Chicago | Reuters — Chicago soybean futures fell on Tuesday, despite renewed exports to China, after the U.S. Agriculture Department issued better-than-expected weekly crop ratings.
Corn also eased on better-than-expected crop conditions and favourable U.S. weather as traders eyed record yield potential this fall.
The Chicago Board of Trade’s most active soybean contract fell 6-1/2 cents to close at $8.96-1/2 per bushel (all figures US$).
CBOT corn was down 5-1/2 cents to close at $3.22-3/4 a bushel and wheat added 5-3/4 cents to $5.27-3/4 a bushel.
In its weekly crop report after markets closed on Monday, the U.S. Department of Agriculture rated 69 per cent of soybeans in good-to-excellent condition, up from 68 per cent last week. Analysts had expected 67 per cent.
China booked 126,000 tonnes of U.S. soybeans for delivery in the 2020-21 marketing year, USDA said Tuesday.
“I think we’re really going to need to see some more significant Chinese purchases to push the bean market and stay above $9,” said Chuck Shelby, president of Risk Management Commodities.

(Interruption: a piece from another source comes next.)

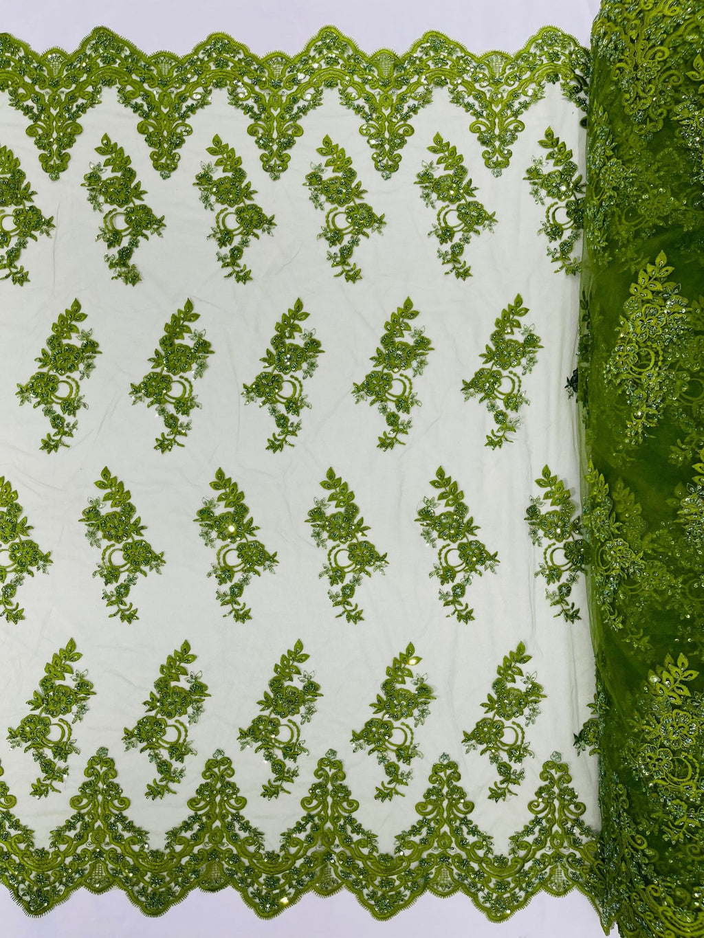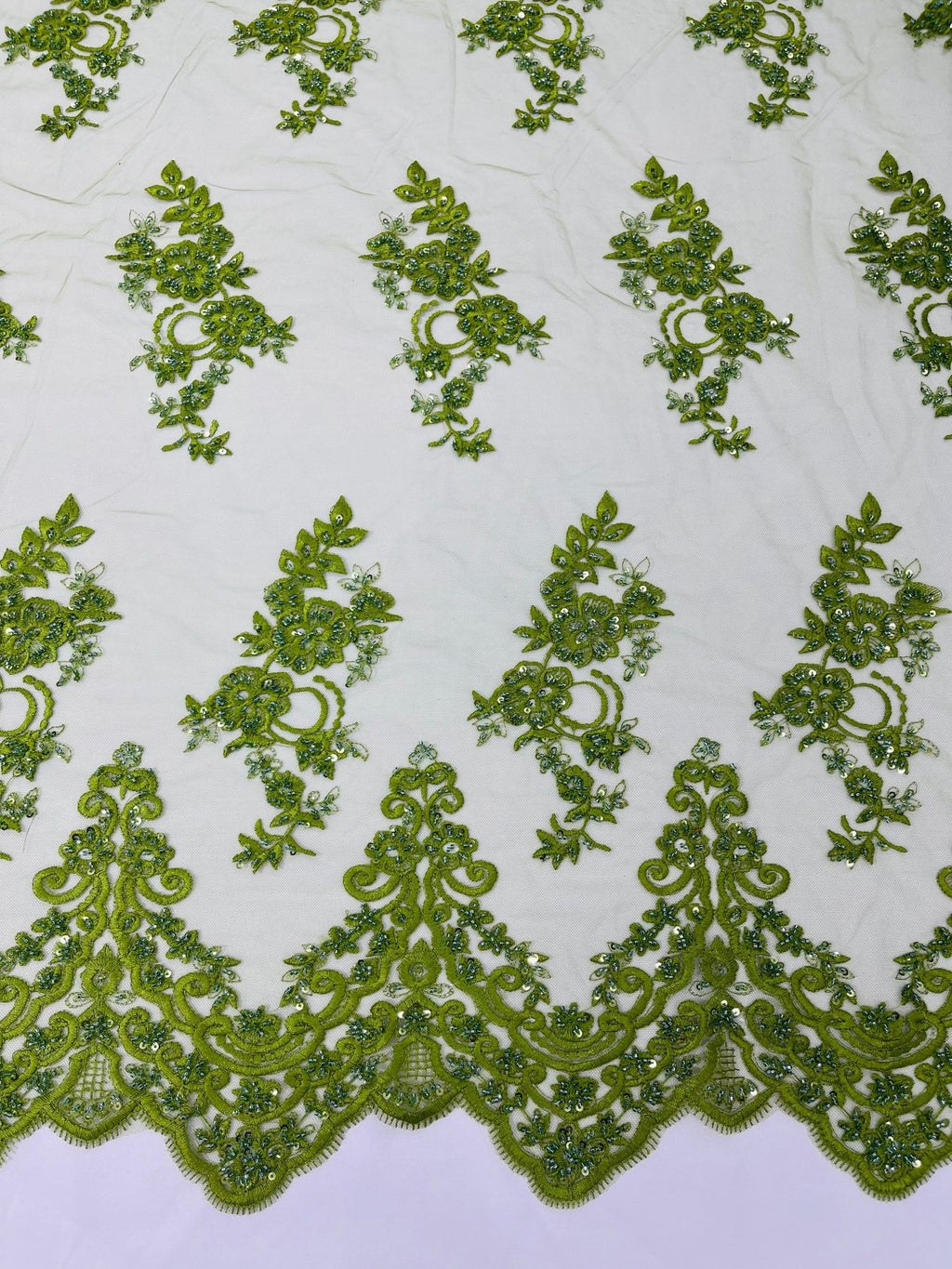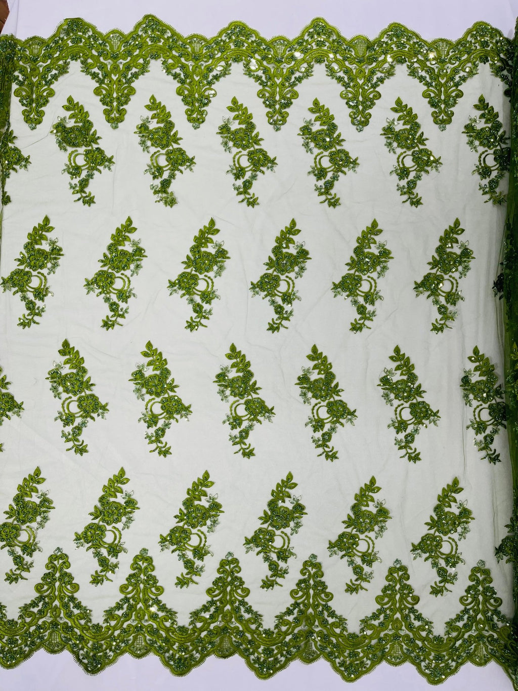 Elegant Beaded Floral Lace on Mesh 54" Wide | New Creation Fabric & Foam Inc.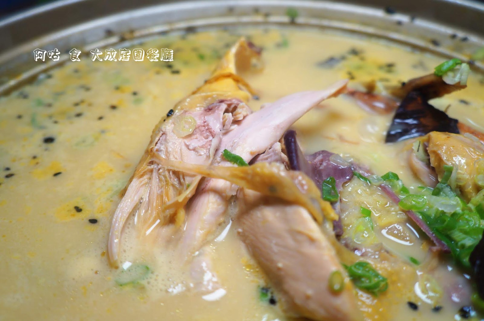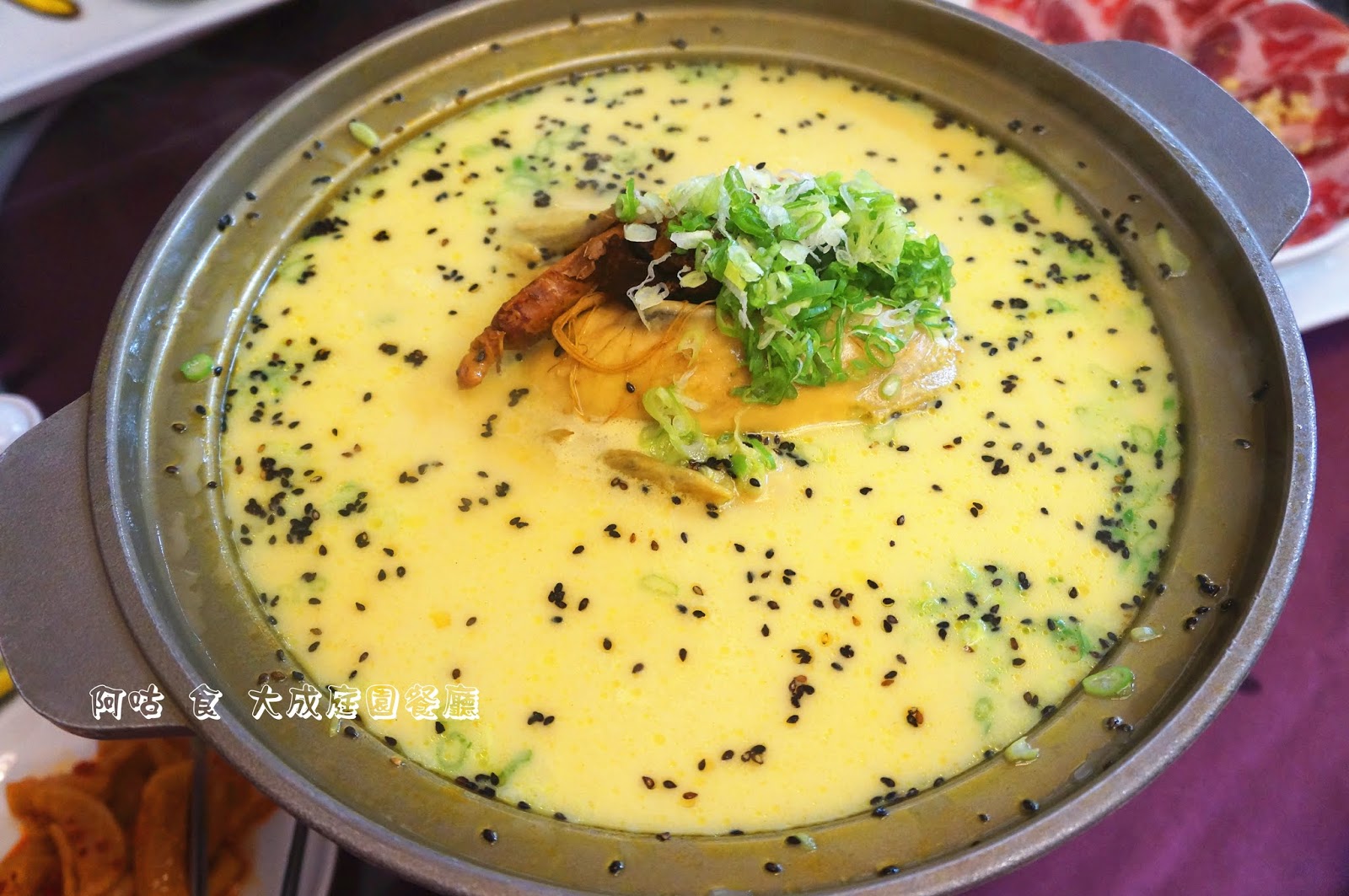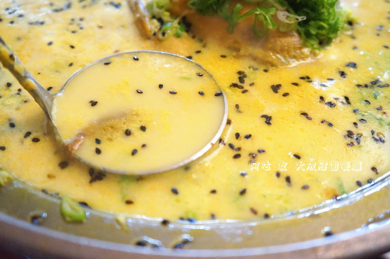 其乳黃色的湯頭乍看之下有點像泰式咖哩,湯面上浮著不少黑芝麻,中間是糯米雞。

China plans to sell rice and wheat from state reserves to animal feed producers struggling with high corn prices, three sources familiar with the matter said. The sales may reduce China’s need to import U.S. corn, said Arlan Suderman, chief commodities economist at StoneX.
“It doesn’t mean that they won’t buy U.S. corn, but maybe they’ll buy less of it than they otherwise would,” he said.
USDA said 69 per cent of U.S. corn was in good-to-excellent condition, unchanged on the week. Analysts had expected 68 per cent.
Wheat gained off a softening U.S. dollar, which makes U.S. exports more attractive to international buyers.
“The weaker dollar has been a positive input for wheat,” said Joe Vaclavik, president of Standard Grain. “Our exports, which have historically accounted for a tremendous portion of our demand, are just not what they need to be.”
— Christopher Walljasper reports on agriculture and ag commodities for Reuters from Chicago.